Makes 10 cups
An extremely filling granola without making you feel heavy. It’s easy to make and lasts for weeks! Kids can snack on it dry and it also makes a great camping breakfast. Below are a few options for a few different combos – think of this recipe as a template of sorts. This one gravitates towards walnuts, pumpkin seeds and tahini, but mix it up to keep things interesting and to ensure nutritional variation.
- 4 ½ cups rolled oats
- 1 cup chopped walnuts, pecans and/or almonds
- 2/3 cup raw pumpkin and/or sunflower seeds
- 3 cup hemp seeds
- 1 tsp. cinnamon
- ½ tsp salt
- ½ cup pure maple syrup
- ½ cup tahini or natural peanut butter
- 2 tsp. pure vanilla extract
- Preheat the oven to 325°F
- In a large bowl, combine the oats, chopped nuts, pumpkin or sunflower seeds, hemp seeds, cinnamon and salt.
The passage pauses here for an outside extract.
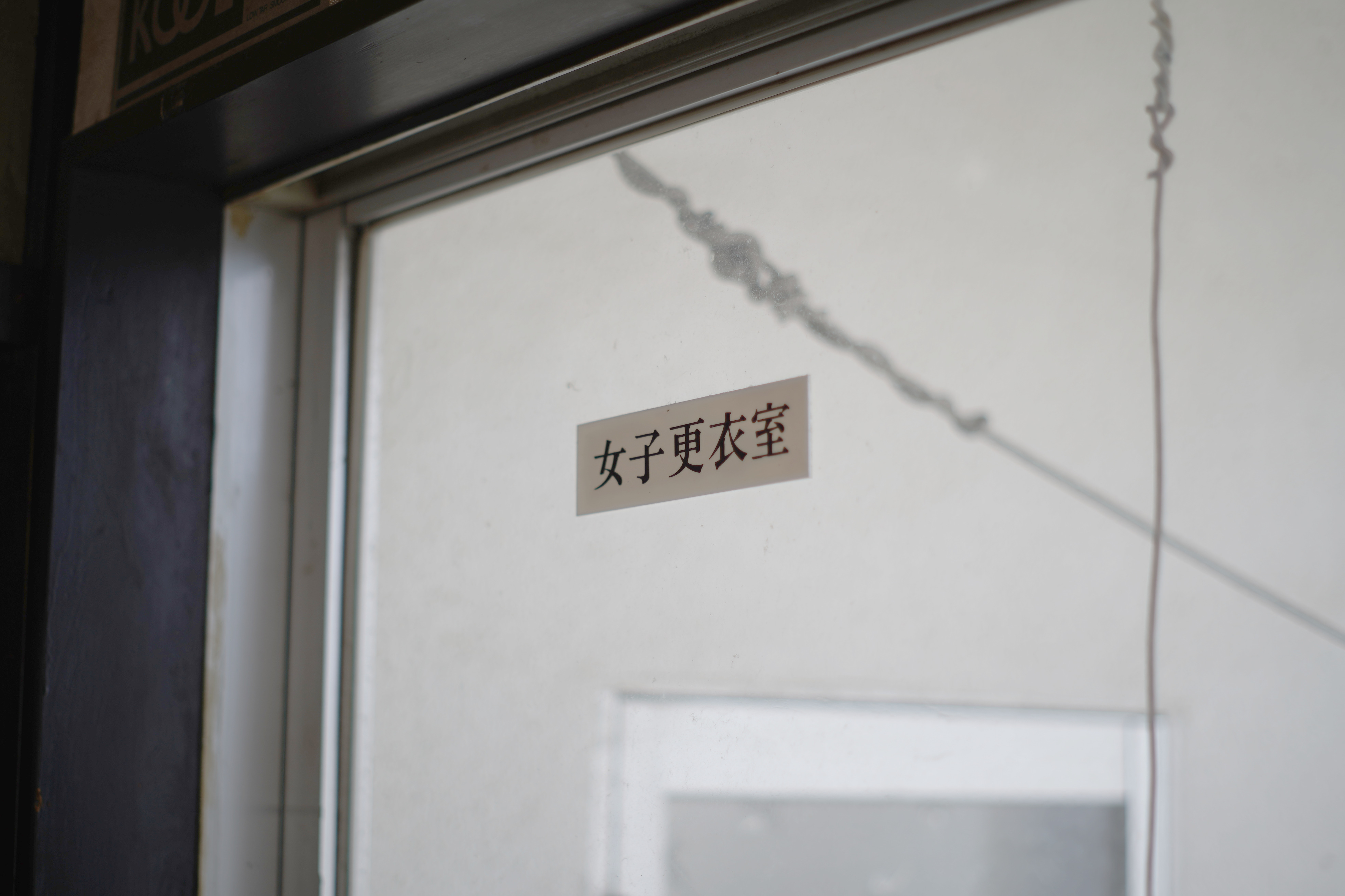 テラスに出る窓には「女子更衣室」の表示が…。もう意味が分かりません。

- In a small bowl, stir or whisk together the maple syrup, tahini or peanut butter and vanilla.
- Pour the wet ingredients into the dry and mix well until thoroughly combined.
- Using your mixing utensils, spread the mixture onto a large baking sheet and pat down firmly.
- Bake for 25 minutes, or until browning and starting to smell toasty.
- Allow to cool fully before breaking up into chunks. Granola stored in an air-tight container in the pantry keeps for several weeks.
Excerpted from The Vegan Family Cookbook by Anna Pippus. Copyright © 2021 Anna Pippus. Photography © 2021 Anna Pippus. Published by Appetite by Random House, a division of Penguin Random House Canada Limited. Reproduced by arrangement with the Publisher. All rights reserved.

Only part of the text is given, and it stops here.